**What is required**: Please repeat each line below exactly, with no images in the copy.

**Data block**:
═══

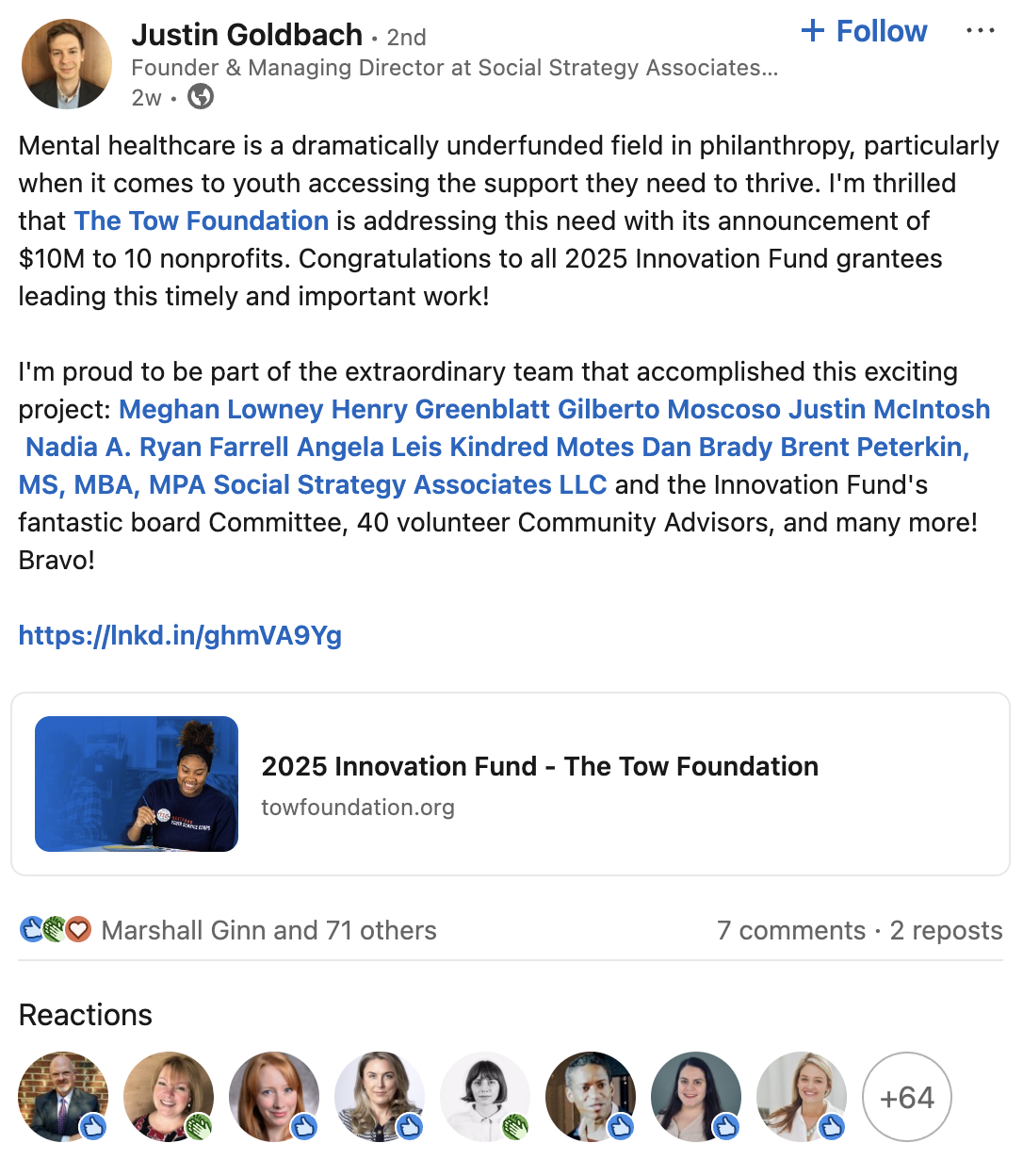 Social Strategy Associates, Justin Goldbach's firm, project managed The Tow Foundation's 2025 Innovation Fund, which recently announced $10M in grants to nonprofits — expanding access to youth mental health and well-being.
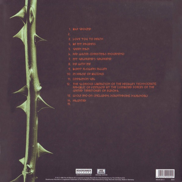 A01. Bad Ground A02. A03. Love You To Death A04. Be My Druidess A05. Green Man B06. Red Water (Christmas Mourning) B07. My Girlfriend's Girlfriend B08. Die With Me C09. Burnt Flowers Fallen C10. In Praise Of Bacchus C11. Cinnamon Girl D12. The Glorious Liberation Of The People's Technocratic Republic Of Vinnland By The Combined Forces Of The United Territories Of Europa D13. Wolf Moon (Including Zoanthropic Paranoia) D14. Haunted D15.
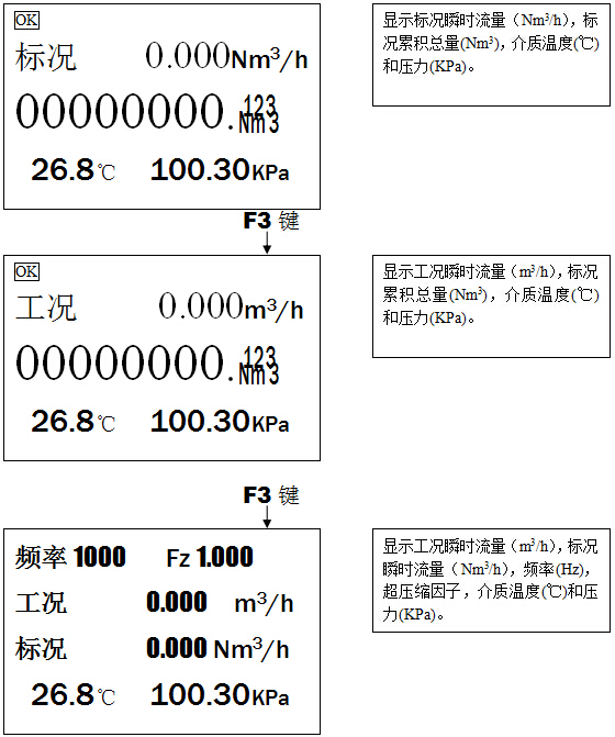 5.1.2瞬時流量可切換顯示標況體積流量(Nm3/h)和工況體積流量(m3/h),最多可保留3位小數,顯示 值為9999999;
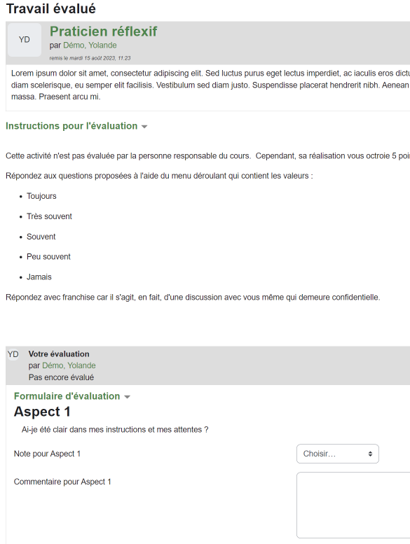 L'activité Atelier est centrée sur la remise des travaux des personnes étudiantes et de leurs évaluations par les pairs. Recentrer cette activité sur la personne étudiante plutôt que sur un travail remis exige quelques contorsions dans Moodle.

═══

**Written solution**:
 Social Strategy Associates, Justin Goldbach's firm, project managed The Tow Foundation's 2025 Innovation Fund, which recently announced $10M in grants to nonprofits — expanding access to youth mental health and well-being.
 A01. Bad Ground A02. A03. Love You To Death A04. Be My Druidess A05. Green Man B06. Red Water (Christmas Mourning) B07. My Girlfriend's Girlfriend B08. Die With Me C09. Burnt Flowers Fallen C10. In Praise Of Bacchus C11. Cinnamon Girl D12. The Glorious Liberation Of The People's Technocratic Republic Of Vinnland By The Combined Forces Of The United Territories Of Europa D13. Wolf Moon (Including Zoanthropic Paranoia) D14. Haunted D15.
 5.1.2瞬時流量可切換顯示標況體積流量(Nm3/h)和工況體積流量(m3/h),最多可保留3位小數,顯示 值為9999999;
 L'activité Atelier est centrée sur la remise des travaux des personnes étudiantes et de leurs évaluations par les pairs. Recentrer cette activité sur la personne étudiante plutôt que sur un travail remis exige quelques contorsions dans Moodle.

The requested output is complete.